Latent Consistency Models: Synthesizing High-Resolution Images with Few-Step Inference (2310.04378v1)

Published 6 Oct 2023 in cs.CV and cs.LG

Abstract: Latent Diffusion models (LDMs) have achieved remarkable results in synthesizing high-resolution images. However, the iterative sampling process is computationally intensive and leads to slow generation. Inspired by Consistency Models (song et al.), we propose Latent Consistency Models (LCMs), enabling swift inference with minimal steps on any pre-trained LDMs, including Stable Diffusion (rombach et al). Viewing the guided reverse diffusion process as solving an augmented probability flow ODE (PF-ODE), LCMs are designed to directly predict the solution of such ODE in latent space, mitigating the need for numerous iterations and allowing rapid, high-fidelity sampling. Efficiently distilled from pre-trained classifier-free guided diffusion models, a high-quality 768 x 768 2~4-step LCM takes only 32 A100 GPU hours for training. Furthermore, we introduce Latent Consistency Fine-tuning (LCF), a novel method that is tailored for fine-tuning LCMs on customized image datasets. Evaluation on the LAION-5B-Aesthetics dataset demonstrates that LCMs achieve state-of-the-art text-to-image generation performance with few-step inference. Project Page: https://latent-consistency-models.github.io/

PDF HTML Abstract

Overview of Latent Consistency Models

Latent Diffusion Models (LDMs), such as Stable Diffusion, have shown remarkable capabilities in generating high-resolution images based on textual descriptions.

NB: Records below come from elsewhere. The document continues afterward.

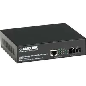 General Information A low-cost, economical solution for powering PoE devices over the same CATx link used for data communications. Powered device (PD) signature sending detects when a PoE device is connected. Protects against damage caused by overcurrent events and offers undercurrent detection. Link fault passthrough monitors both copper and fiber receive ports for loss of signal. Far-end fault detection prevents the loss of valuable data from it being sent over an invalid link. Supports 802.3x flow control on full-duplex ports and backpressure on 10BASE-T/100BASE-TX half-duplex ports. Jumbo frame support (2 KB, normal mode; 9 KB, cut-through mode). Copper port autonegotiates for network speed and features Auto MDI-X for easy cabling. LEDs indicate when it is feeding PoE power as well as when power is interrupted. RoHS compliant. Connect Gigabit-speed fiber optic to a 10-/100-/1000-Mbps copper UTP segment while also powering 802.3af devices at the end of the CAT5 run. This PoE PSE Gigabit Media Converter from Black Box enables you to transparently connect copper cabling to multimode fiber as an economical way to extend Ethernet communications well beyond the 100-meter (327-foot) CATx limit. Along with matching copper to interference-free fiber at Gigabit speeds, the converter doubles as power sourcing equipment (PSE) for Power over Ethernet (PoE) devices plugged in on the copper side. Using existing UTP cabling for both data communications and 48-VDC power simplifies a network application in terms of provisioning power and maintaining equipment. It's particularly ideal for locating equipment where electrical access is inconvenient or just too expensive to locate. Install PoE-compatible security cameras and wireless access points in areas without any nearby power outlets while reducing your overall power consumption, too. Plus, the PoE PSE Gigabit Media Converter has extensive power management features, including overcurrent protection, undercurrent detection, minimum load sensing, and PSE MDI power enable/disable. For reliable data communications, the media converter boasts link fault passthrough (LFP) capabilities, monitoring receive ports on both the fiber and copper sides for loss of signal. If signaling is lost on one media port, it automatically disables the transmit (TX) signal to the other media port. Additionally, a far-end fault (FEF) function enables the converter to cease sending link pulse to a link partner if signaling on the fiber receive (RX) port is lost. The link partner will also synchronously stop sending data. This way, you don't lose valuable data transmitted over an invalid link.Interfaces/PortsTotal Number of Ports: 2Network (RJ-45): YesDVI: NoUSB: NoManagement Port: NoNumber of PoE (RJ-45) Ports: 1Number of SC Ports: 1SC Port Type: DuplexMedia & PerformanceMedia Type Supported: Optical FiberMedia Type Supported: Twisted PairFiber Mode Supported: Multi-modeFiber Optic Wavelength: 850 nmMaximum Distance Supported: 1804.46 ftFiber Optic Cable Standard: 50/125 mNetwork & CommunicationEthernet Technology: Gigabit EthernetNetwork Technology: 10/100/1000Base-TXPhysical CharacteristicsHeight: 1.6"Width: 6.2"Depth: 5.2"Weight (Approximate): 1.32 lbMiscellaneousEnvironmentally Friendly: YesEnvironmental Certification: RoHSWarrantyLimited Warranty: 2 Year
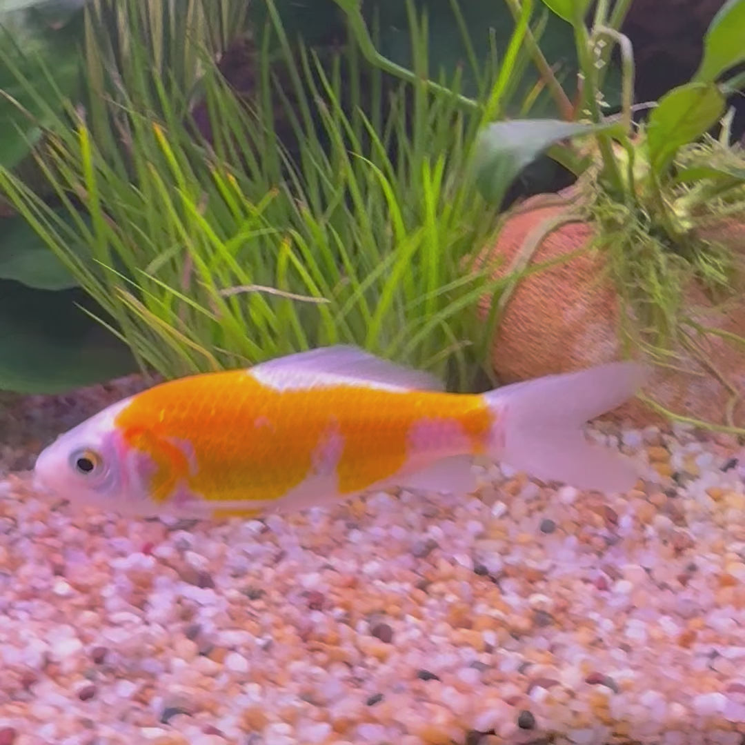Comet Goldfish have a distinctive scissor-shaped singular forked tail with two tips, usually the same length as their entire body, and come in an assortment of colours. Common variants range from yellows through to oranges and reds, sometimes with white elements. These brilliant colours and showy tails make Comets an attractive, impressive showpiece for your aquarium.
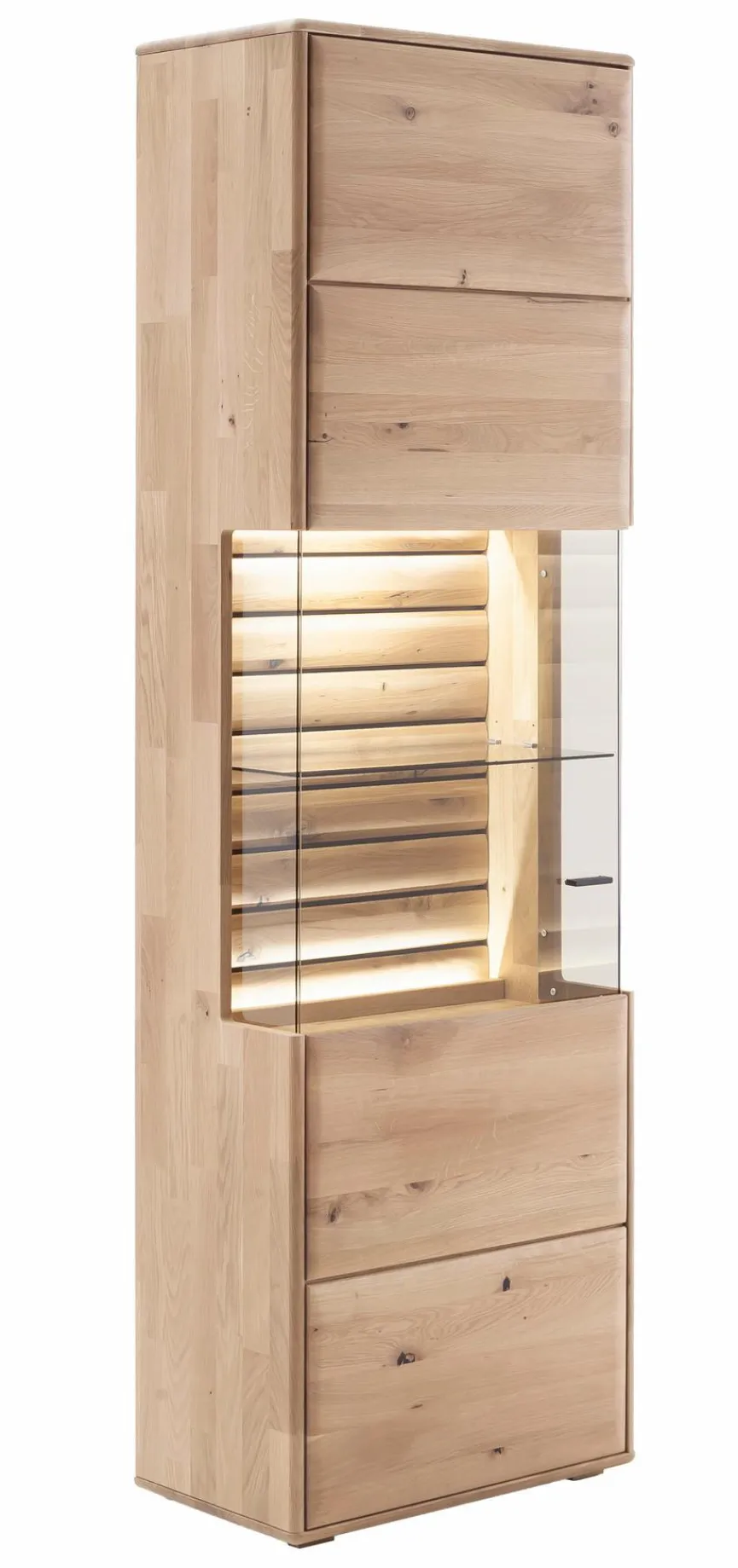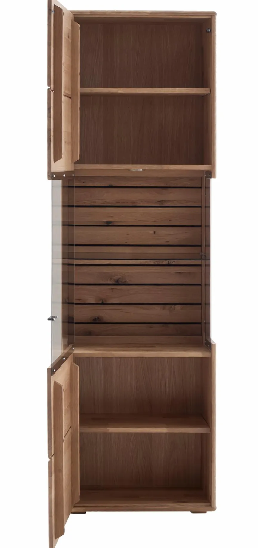 - Sichtbare Rückwand aus Ast/Balkeneiche Leisten massiv in Kristalleiche geölt mit Schattenfuge, Rückwand aus Ast/Balkeneiche furniert in Kristalleiche geölt, Frontglas aus ESG Parsol braun, Griffe aus Metall in Anthrazit
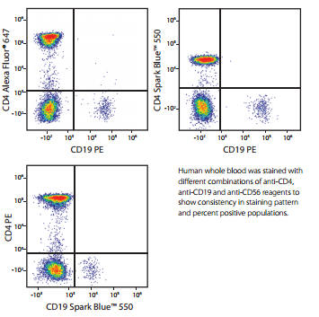用抗CD4和抗CD19的不同熒光抗體組合對人全血染色,結(jié)果顯示Spark Blue?550染色具有有效性以及和其他常見熒光PE、AF647相比染色后相應(yīng)群體比例也具有一致性。
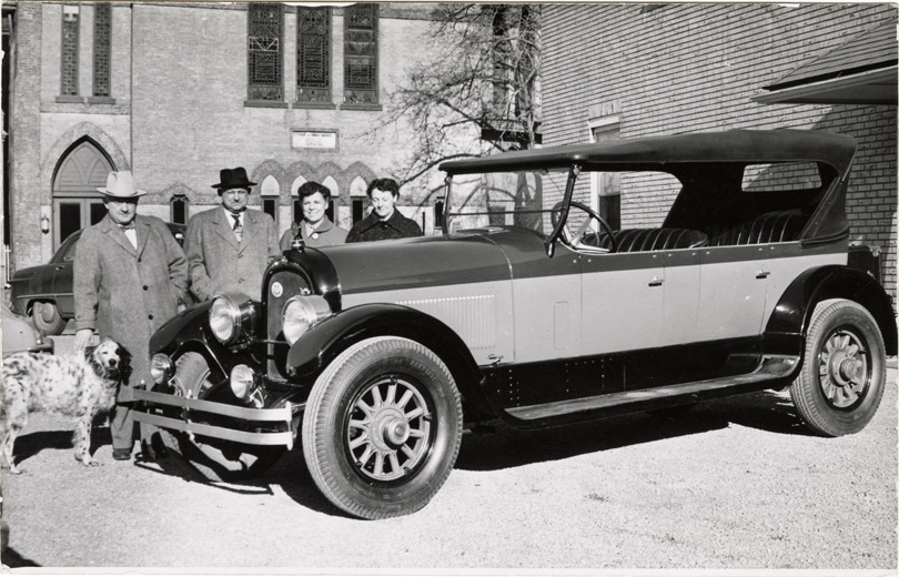 Motorists and dog posing with 1924 Marmon automobile
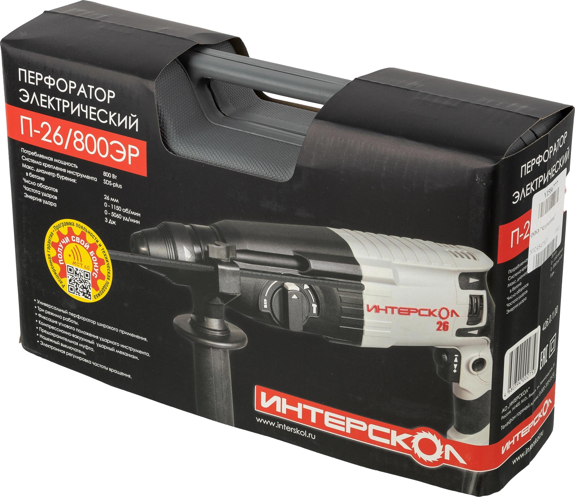 Перфоратор, руководство по эксплуатации и инструкция по безопасности, гарантийный талон, список сервисных центров, рукоятка боковая, ограничитель глубины бурения, упаковка.
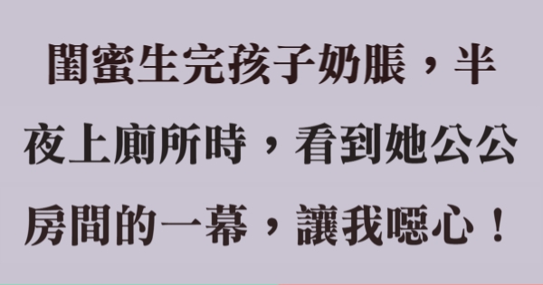 哈摟哈摟各位讀者~~我是有錢人這麼想小編Choco!今天要來說說關於「閨蜜生完孩子奶脹,半夜上廁所時,看到她公公房間的一幕,讓我噁心!」,不知道大家有沒有興趣呢!一起來看看是怎麼樣的事吧!
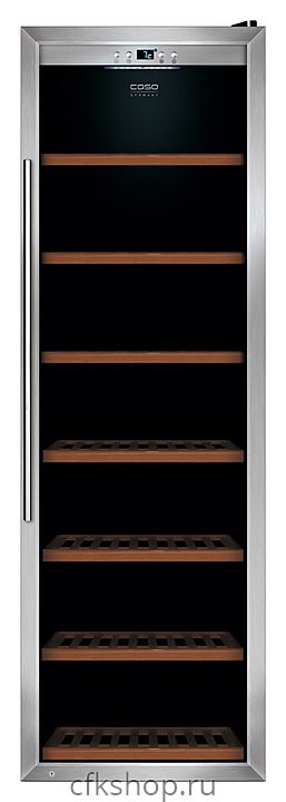 Винный шкаф CASO WineSafe 192 предназначен для охлаждения и длительного хранения бутилированного и разливного вина в частных домах, квартирах, отелях и офисах. Модель оснащена панелью управления c LED-дисплеем, показывающим текущую температуру, и 6 деревянными выдвижными полками. Дверная рама и ручка выполнены из нержавеющей стали, дверца - из стекла с ультрафиолетовым фильтром.
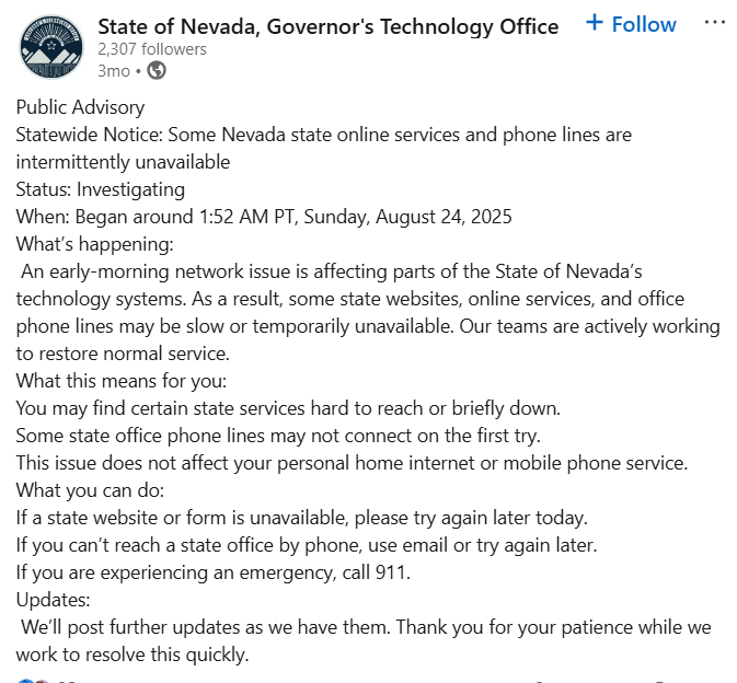 Public advisory by the State of Nevada Governor's Technology Office, posted on LinkedIn
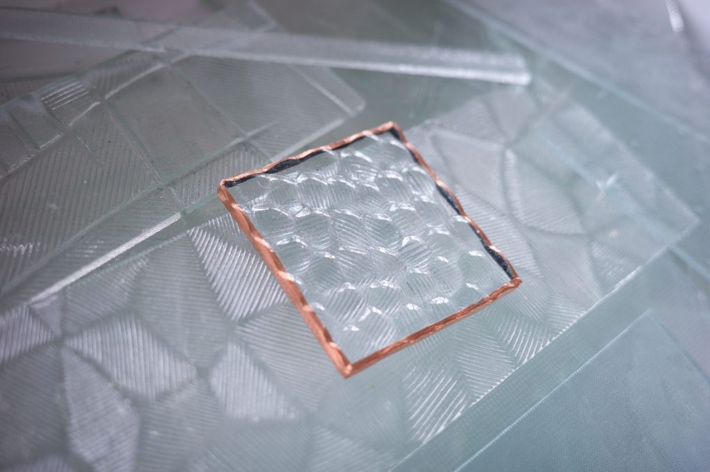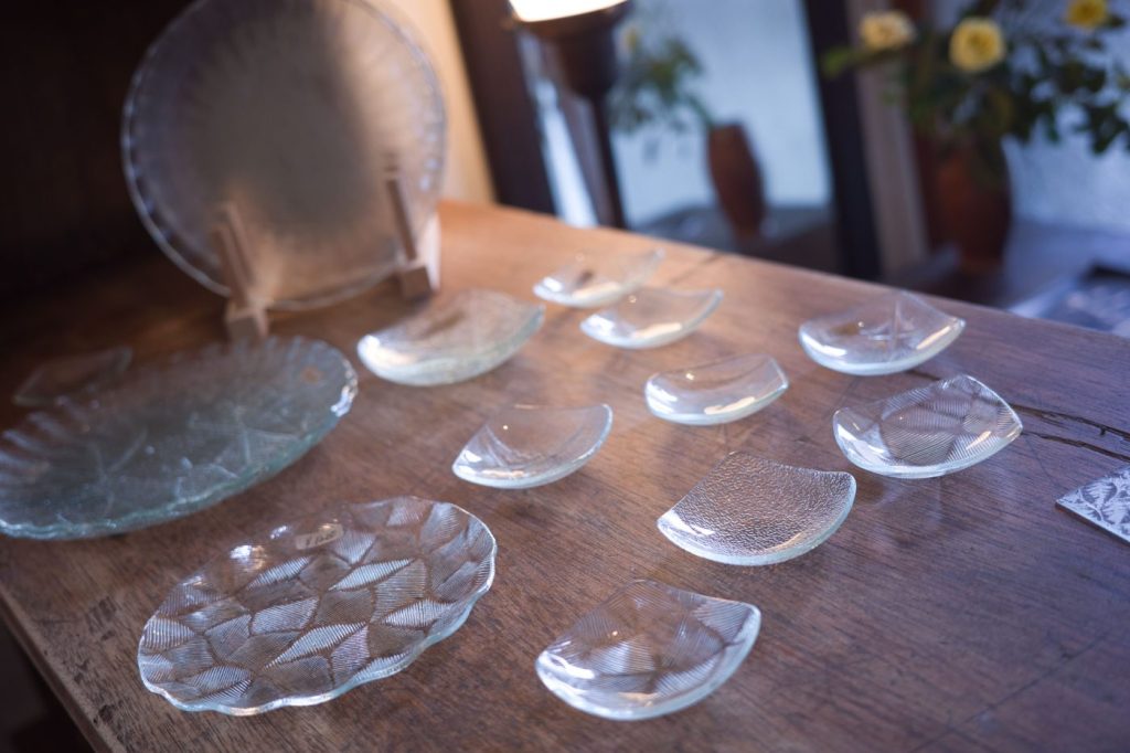 ガラスの模様は残しながら、型に沿ってゆっくりと曲げてお皿に加工した物や……

Nevertheless, their iterative reverse sampling process tends to be slow, which is not ideal for real-time applications. Latent Consistency Models (LCMs) present an innovative approach to fast, high-resolution image generation by reducing the number of required sampling steps significantly.

Distillation for Few-step Inference

LCMs operate by performing a one-stage guided distillation process that solves an augmented probability flow ODE (PF-ODE) directly in latent space. This novel method allows LCMs to predict high-fidelity sample outcomes in just a few steps—or even in a single step—from pre-trained LDMs. An efficient training regimen enables a quality 768-resolution LCM to be trained using only 32 A100 GPU hours, and the proposed Skipping-Step technique further accelerates convergence during the distillation process.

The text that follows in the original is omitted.